Recombinases were previously utilized to accomplish information storage in biological systems due to its specificity. However, they bind unique recognition sites, and are thus limited in this respect. It is exactly its specificity that disfavors this approach. In other words, a major drawback of this information-storing platform is that every time a new recombinase has to be used when increasing the storing capability. Finding a new recombinase that suits the need, however, is computationally heavy. We then decided to seek help from other gene-editing tool.
Cas9, an endonuclease from Streptococcus pyogenes, can target and cleave specific DNA sequences that are next to the proto-spacer adjacent motif (PAM) when provided with a guide RNA. With the advancement of gene editing technology, today CRISPR/Cas9 system has been exploited to carry out a myriad of functions, such as knock-out and knock-down of a certain gene, single molecule imaging, etc.
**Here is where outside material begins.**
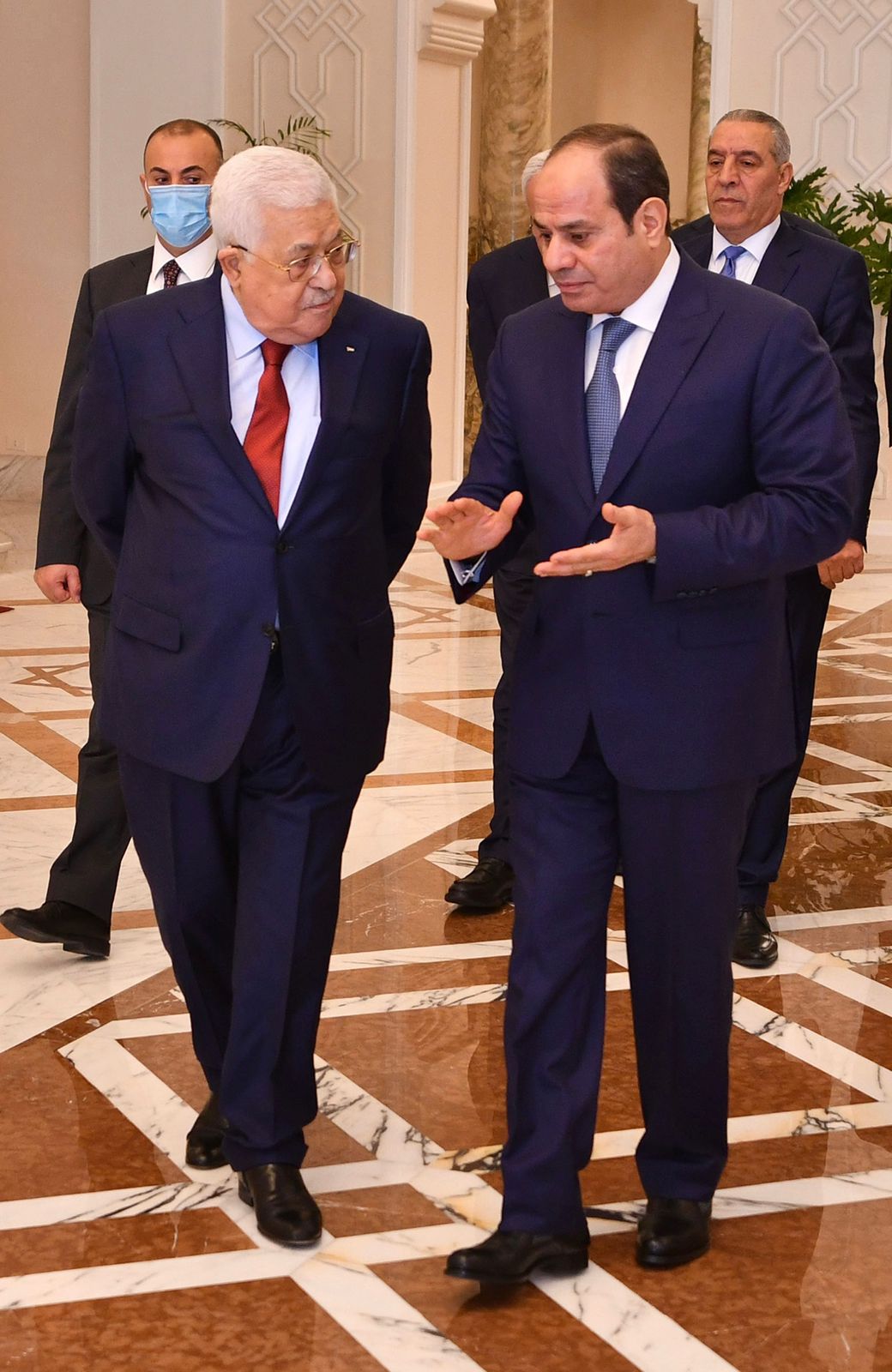 استقبل الرئيس عبد الفتاح السيسي، رئيس الجمهورية، اليوم الثلاثاء، بقصر الاتحادية الرئيس الفلسطيني محمود عباس أبو مازن، وذلك بحضور اللواء عباس كامل رئيس المخابرات العامة، إلى جانب الدكتور رياض المالكي وزير الخارجية الفلسطيني، وحسين الشيخ أمير سر اللجنة التنفيذية لمنظمة التحرير الفلسطينية، واللواء ماجد فرج رئيس المخابرات العامة الفلسطيني، والسفير دياب اللوح السفير الفلسطيني بالقاهرة.

The list goes on. Of course, it is easy to understand why we then turn to Cas9 and see if it can overcome the specificity issue from recombinase issue.
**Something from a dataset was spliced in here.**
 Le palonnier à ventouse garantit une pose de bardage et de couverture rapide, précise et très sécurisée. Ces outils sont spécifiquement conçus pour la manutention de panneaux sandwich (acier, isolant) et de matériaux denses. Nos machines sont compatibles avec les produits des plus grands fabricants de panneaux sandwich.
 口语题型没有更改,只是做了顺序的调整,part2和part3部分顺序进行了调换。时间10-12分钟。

CRISPR-Cas9 system is a newly developed gene-editing tool that breaks the limit of specific recognition sites. Following the guidance of sgRNAs, Cas9 endonuclease can be used to modify any site of the genome conveniently. Consequently it is regarded as a complementary DNA cutter that is not restricted to recognize unique sequences, but is versatile that can recognize any sequence within the genome guided by its sgRNA. This means that if current information storage capacity is not enough, we do not need to search for a new recombinase, instead changing the sgRNA pairs can solve the problem. However, accurate deletion or inversion, a vital aspect to consider when devising an information storing platform, are hard to accomplish because of double-strand breaks introduced by Cas9 endonuclease. That is to say, we still count on the specificity and accuracy of recombinase, but meanwhile we need the assistance from Cas9.